Children's retailer Toys R Us Inc. on
Monday reported a 75 percent plunge in profits for its second
quarter as sales cooled and losses from its year-old Web site cut
earnings. Still, the company beat analysts' expectations by a
penny.
The Paramus-based seller of games, toys, clothing and other
items for children said net earnings for the three months ending
July 29 totaled $3 million, or 1 cent per share, beating the
break-even forecast of analysts surveyed by First Call/Thomson
Financial. A year earlier, net earnings totaled $12 million, or 5
cents per share.
Meanwhile, sales slid 9.5 percent, to $2 billion from $2.2
billion. The company said second-quarter revenues were hurt by the
lack of hot toys compared to last year, when Furby and Star Wars
items were all the rage. Although comparable store sales were up 3
percent for the second quarter outside this country, comparable
U.S. toy store sales dropped 2 percent for the quarter.
But Toys R Us, the country's top-selling toy retailer until it
was overtaken by discounter Wal-Mart, is staying in the
game, making changes and deals to reverse its fortunes.
"Clearly, you've got a CEO who's doing a lot to try to
re-energize this company,'' said Ursula Moran, a senior retail
analyst at Sanford C. Bernstein in New York. "The preliminary
signs are pretty positive.''
Since appointing John Eyler as president and chief executive
officer, the company has continued remodeling stores to
improve layout and spent $449 million to buy back 31 million shares
of its stock, nearly doubling the price.
Toys R Us shares were up 62.5 cents, or 3.6 percent, to $18
Monday on the New York Stock Exchange,
Last week, the company announced plans to abandon its year-old
Toysrus.com in favor of a joint Web site with giant Internet
retailer Amazon.com, a strategy meant to make Toys' online business
profitable two years earlier.
"In one fell stroke, they eliminated a potentially very
significant competitor in the category and they gained expertise
that they don't have now,'' Moran said.
Toysrus.com lost $20 million before taxes in the second quarter,
said company spokesman Louis Lipschitz.
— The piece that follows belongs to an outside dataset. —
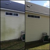 vinylsidingcleaning10 vinylsidingcleaning8Assuming you have the pressure washer ready with the appropriate chemical solution, drop the chemical suction tube into the house wash solution and spray the soap solution on beginning at the bottom and working up towards the roof line with low pressure. Most pressure washers come with a chemical tip for applying soap (black tip). Do not spray too large an area until you feel comfortable with how much area you can spray without letting the soap solution to dry before rinsing. Apply the solution evenly including on windows, doors, etc… Allow the soap solution to dwell on the siding but do not let it dry especially on gutters and windows. On hot days and/or siding, gutters and windows in direct sunlight should be pre-wet and rinsed sooner than cooler, shaded days.

Excluding that, the parent
company's second-quarter profit would have been $16 million, or 7
cents per share.
"We will be the global leader for toys, children's and baby's
products on the Internet,'' Eyler predicted.
Meanwhile, Moran said, the company is beginning some other
alliances, including alliances with Oshkosh for exclusive baby
toys, games and plush animals and with Home Depot to make
child-sized tools, accessories and construction kits for items such
as birdhouses. The company also has a partnership with the
fast-growing Animal Planet cable TV channel to develop electronic
and other interactive toys based on wildlife, she said.
For the first six months of its fiscal year, Toys R Us reported
profits jumped 650 percent, to $218 million or 97 cents per share,
compared with $29 million or 12 cents per share a year earlier.
That included a pretax gain of $315 million in the first quarter
from the initial public offering of part of the company's Japanese
subsidiary, Toys R Us-Japan.
Excluding that gain and the Web site loss, net earnings for the
first six months would have been $40 million, or 18 cents per
share.
Sales for the first six months totaled $4.31 billion, down from
$4.37 billion a year ago.
Toys R Us now operates 1,553 stores, including 707 U.S. toy
stores, 470 international toy stores, 201 Kids R Us clothing
stores, 137 Babies R Us stores and 38 Imaginarium stores.